The way we handle upgrades from older versions (version X) to newer ones
that have breaking schema changes (version Y) is as follows:
1) export all data from version X - the result will be a (potentially
large) JSON file - "version X" will be included in the meta-data for
this export file)
2) install version Y (new instances, new+empty DB instance)
3) import the file from step #1 into version Y
4) profit!
The important point here is that step #3 will automatically detect that
it is importing an older file and will "upgrade" the data to the latest
version, if necessary.
This approach allows us to support the following:
- Upgrade from arbitrary older version of apiman to an arbitrary newer
version
- Upgrade apiman from one storage mechanism to another (e.g. switch from
mysql to postgresql, or even switch from mysql to elasticsearch)

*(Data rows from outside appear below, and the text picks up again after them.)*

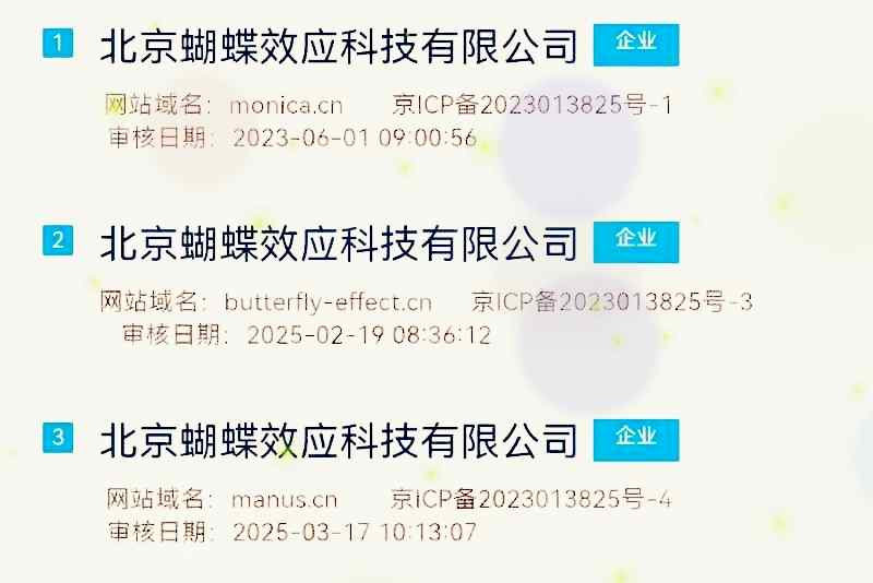 通過查詢還發現蝴蝶效應公司當前備案號“京ICP備2023013825號”下有三個網站,分別是monica.cn,butterfly-effect.cn,manus.cn,三個域名備案名稱均為“北京蝴蝶效應科技有限公司”,蝴蝶效應公司對.cn域名比較認可。
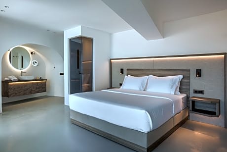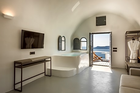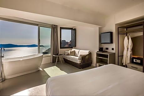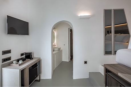 Sun Rocks, perched 984 feet above the Aegean Sea, offers a cliff-side pool with a lounge-bar (operating between 08:00 and 23:00) and a poolside restaurant. The 18 sophisticated rooms and suites feature soft, discreet earthy colors. Each luxuriously furnished unit has a sitting area and shared veranda with superb views of the Aegean Sea. An American a la carte breakfast is served by the pool. Fresh juices, fine wines and cocktails are served throughout the day. The romantic Aquaz Restaurant proposes imaginative dishes prepared with the finest produce. This romantic getaway in Santorini is conveniently located in Firostefani, less than 0.6 mi from the island’s capital of Fira and 15 minutes from the port and the airport.
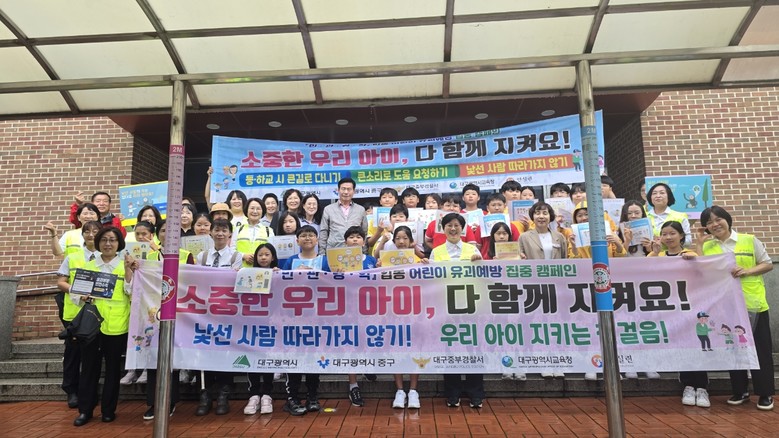 캠페인에는 대구시, 중구, 경대사대부초 교직원과 학생, 중부경찰서, 대구안전생활실천시민연합, 중구안전보안관 등 50여 명이 참석해 학생과 학부모들에게 유괴 예방 안전수칙을 적극 홍보했다.
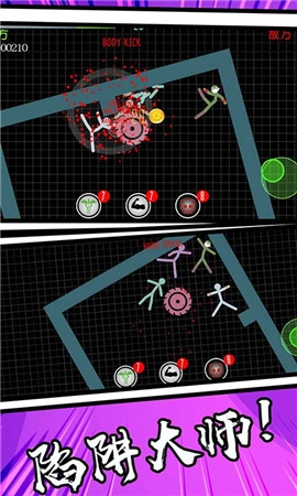 1、通过一个摇杆控制火柴人,摇杆可以左右方调整设置,玩家可以根据自己的操作手感进行随意切换;
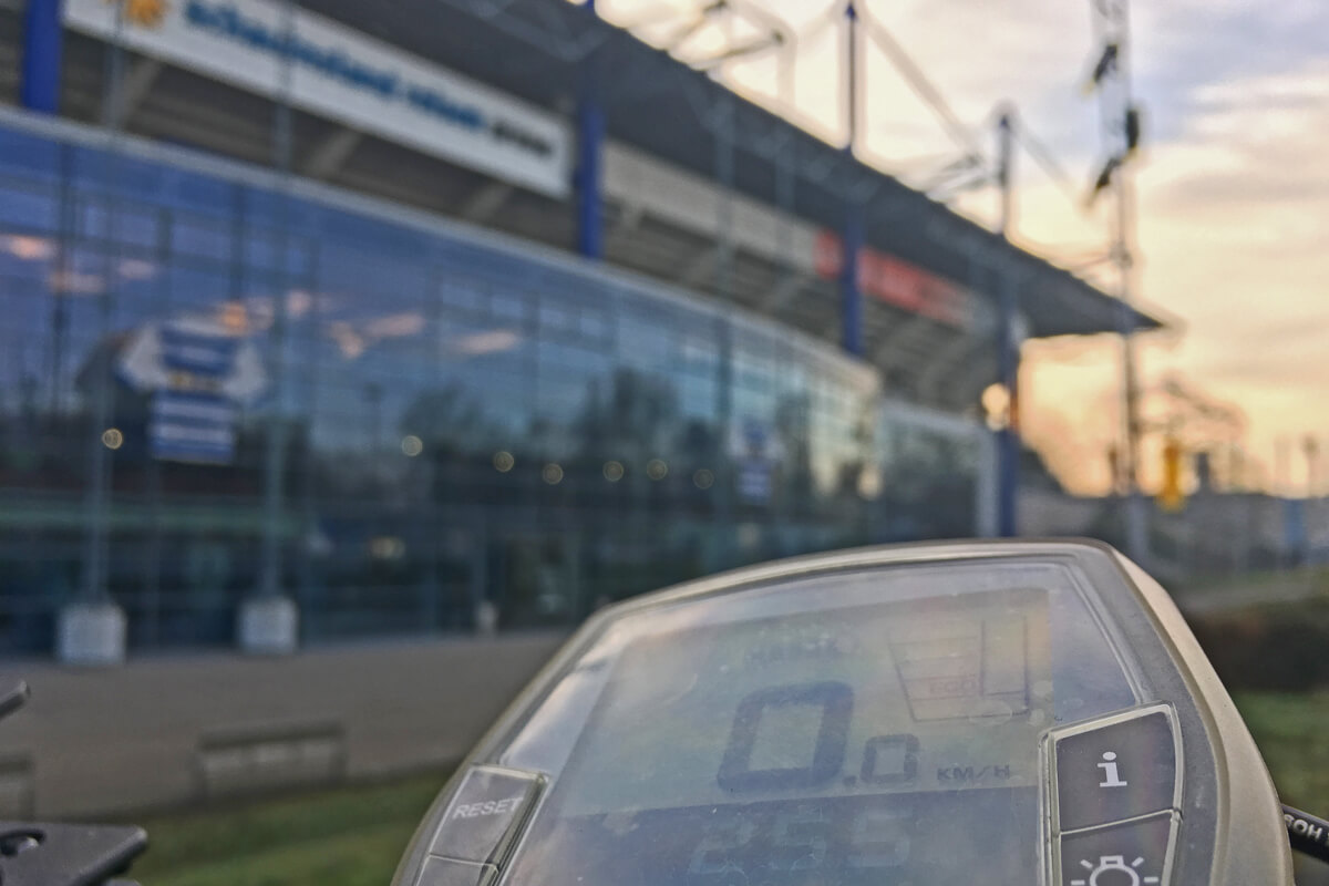 Es ist 7 Uhr morgens und ich stehe völlig übermüdet vor der Schauinsland Arena in Duisburg. Zur Müdigkeit gesellt sich eine gewaltige Unsicherheit, ob ich mir da nicht zu viel vorgenommen habe. Meine Komoot-App zeigt 190 Kilometer auf der ToDo-Anzeige an, also etwas weniger als ursprünglich erwartet. Dafür stehen aber auch rund 850 Höhenmeter auf dem Programm. Ich muss gestehen, so früh in der Saison war ich mir selber nicht sicher, ob ich das schaffe und habe daher ein E-Bike für heute gewählt. Mit 1000 Wh Akkuleistung an Bord zeigt das Display 255 Kilometer Reichweite im Eco-Modus an – das könnte am Ende knapp werden.
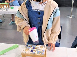 「色を斜めにそろえたらキレイかな?」「外側は大きなタイル、内側は小さなタイルを置いてみよう」
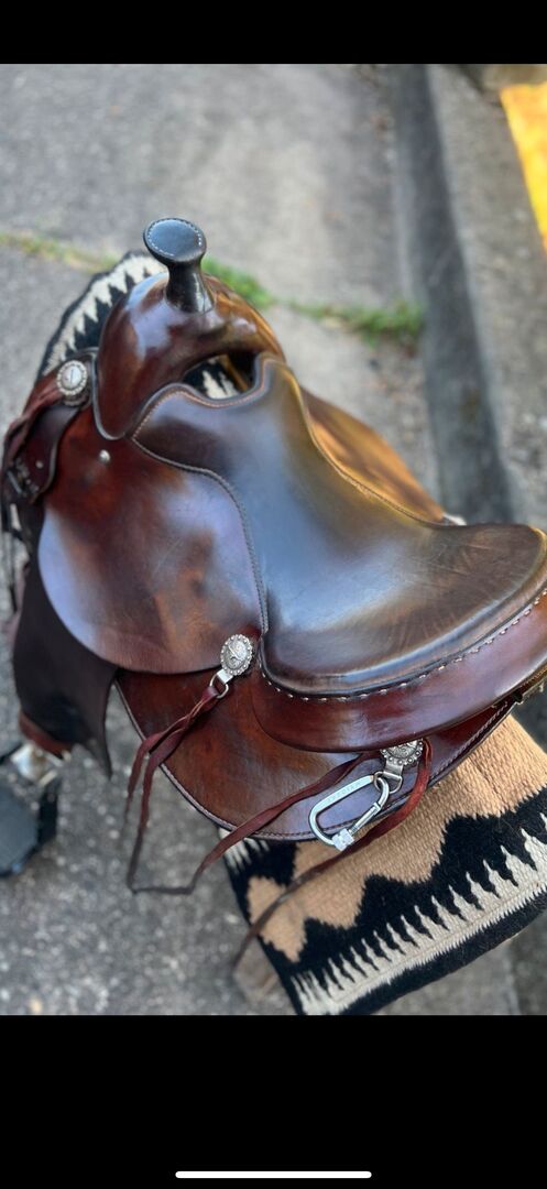 Deuber Trailrider 1031 very short 02 Quarterhorse - Selling my Deuber Trailrider. Chamber width 02 Quarterhorse Seat size 16 Very short only 60 cm total length Classic line The tree number 1031 from Deuber is installed Wood covered with rawhide 6 leather conchas. I have put additional conchas on it C ring inskirt on 7/8 position Used but no defects. ‼️Die Elastostep stirrups are not dabei‼️. The original Deuber wooden stirrups will be sent. No shipping on trial. Shipping by DHL parcel 19,99 euro
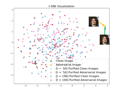 图2.T-SNE[50]可视化(困惑=10)使用DiffPure[31]获得的4×100纯净图像,对于干净图像和对抗性图像具有不同的时间步长。
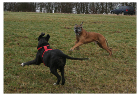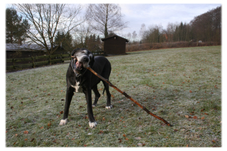 Findet sie ein Stöckchen nach Maß, blüht Lava richtig auf. Stolz wie Oskar trägt sie ihre Beute über die Wiese und spielt ausgelassen damit. Wenn man bedenkt, dass Lava nach ihrer Krankheit aufgrund der Lähmungserscheinungen keine Gegenstände greifen und halten konnte, staunt man einmal mehr, wie sie sich nach und nach wieder erholt hat.
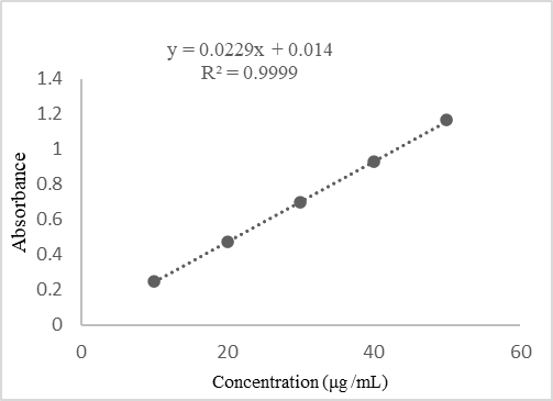 Linearity was performed along the concentration range of 10-50 μg/ ml. A calibration curve graph was plotted with Absorbance on the X-axis and Concentration on the Y-axis Regression Analysis showed R2 value as 0.9999 and the linear equation as y = 0.0229x + 0.014.
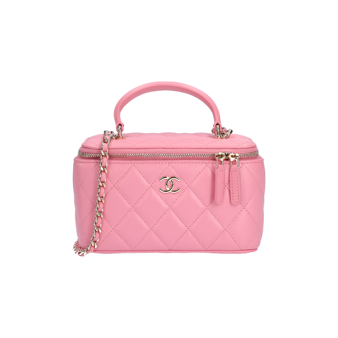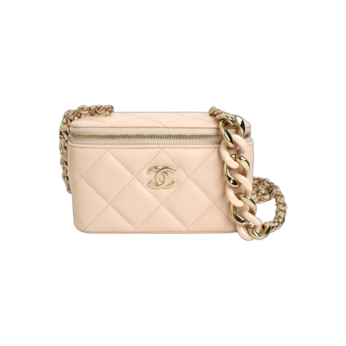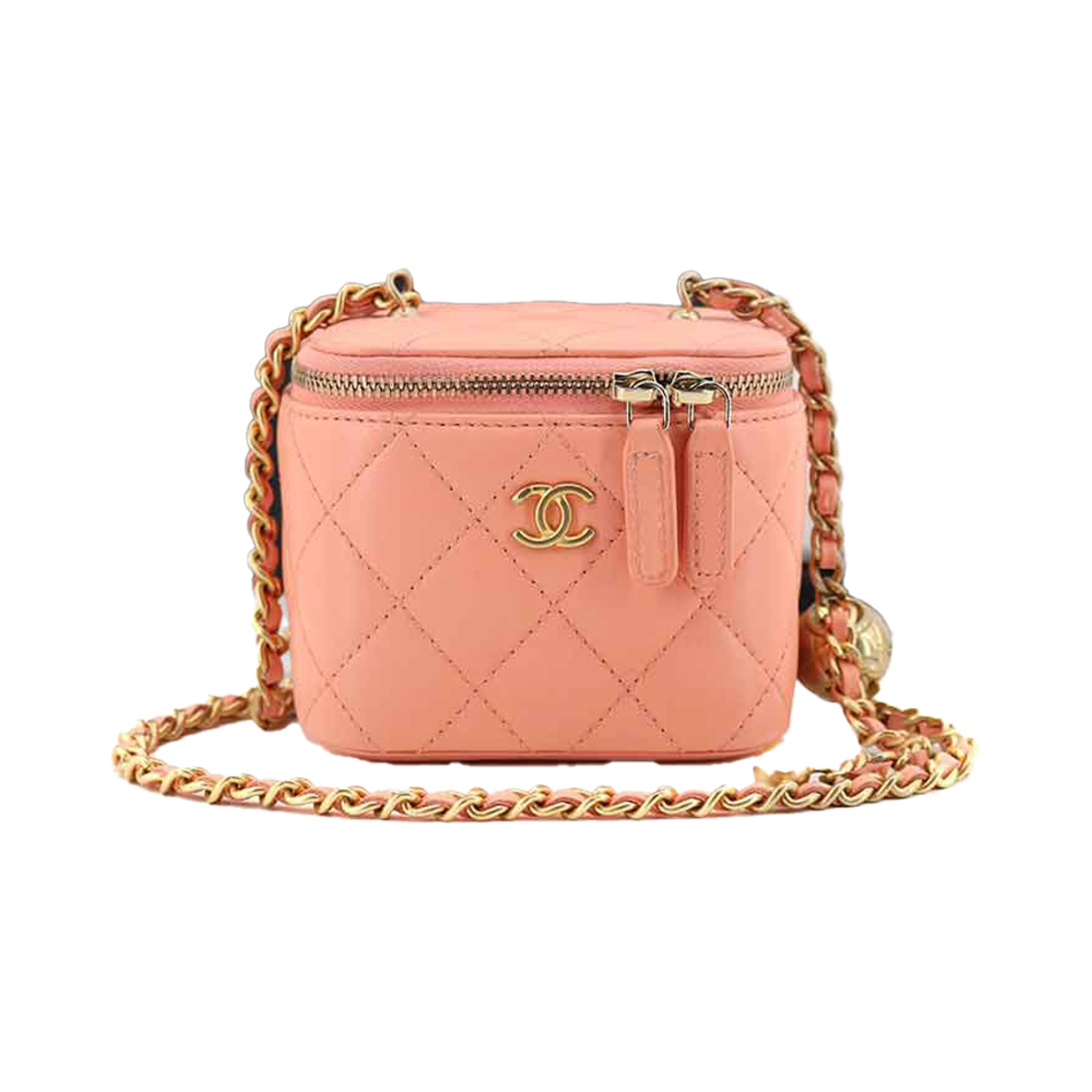 샤넬 AP2199 베니티 체인 코스메틱 금장 핑크 램스킨 케이스
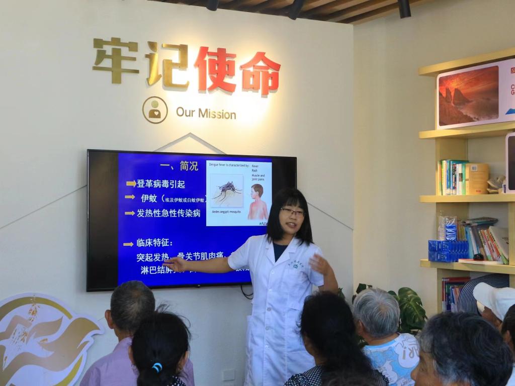 大陈镇卫生院援岛护师李浩岚开展健康生活宣教,为居民讲授海岛易发疾病——登革热,围绕疾病病因、临床表现、流行情况等,用通俗易懂的语言,使海岛居民详细了解登革热这一疾病,讲解预防与治疗的要点,并解答现场观众提问。
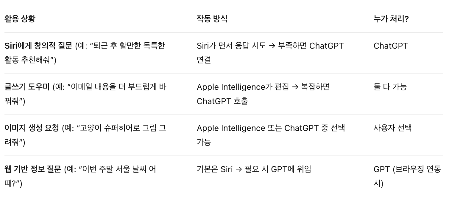 아래에서 Apple Intelligence와 ChatGPT가 어떻게 연결되고, 어떤 식으로 활용할 수 있는지 구체적으로 설명드릴게요.

- Automatic, periodic backup of all relevant data for later restoration
It's worth noting that metrics information is currently not included in
this process - we'll need a solution to that in the future. The current
assumption is that the metrics data is stored in elasticsearch in a
format that will not change soon...
Of course, this isn't a good story for a cluster of nodes that require
rolling updates. Clearly to support that we would need to prevent any
breaking DB schema changes so...
...to answer your other question - I don't anticipate any *breaking*
changes to the schema in the foreseeable future. But as you say, I
can't guarantee it. :) I would expect any schema changes to be
additive (new tables or columns).
That said, we will not likely be providing DDL patch scripts in
community - so any in-place DB upgrades will be more manual than you
might like (e.g. diff the full DDLs to create your own patch script).
-Eric
On 6/7/2016 1:44 PM, Christopher Stolte wrote:
Hi Eric,
Thanks for your response. In the event of a schema change, would your
team be providing anything in the way of migration/validation scripts or
tools? I assume it would be mentioned in the release notes, right? I
know you can't predict the future, but could you characterize the
frequency of such changes at this point? (i.e. known schema changes
coming soon and often / probably something in the next 6 months /
unlikely to rare...)
Thanks,
Chris
------------------------------------------------------------------------
*From:* Eric Wittmann <eric.wittmann(a)redhat.com>
*Sent:* Monday, June 6, 2016 3:02:48 PM
*To:* Christopher Stolte; apiman-user(a)lists.jboss.org
*Subject:* Re: [Apiman-user] APIMAN, clustering, and versioning
Hi Chris. Thanks for the question.
Some responses below:
On 6/3/2016 1:02 PM, Christopher Stolte wrote:
> Our team is hoping to use Apiman in a production environment that
> includes a load-balanced cluster of Apiman gateway instances. Those
> instances would share Elasticsearch storage for metrics etc., as per
> this architecture summary:
Note that if you simply have multiple instances of the gateway running,
all pointed to the same ES storage, you do not need those gateway
instances to be "clustered". It's a subtle point, but it might be
important. Note that this point may change in the future as we create
better implementations of certain components (like rate limiting).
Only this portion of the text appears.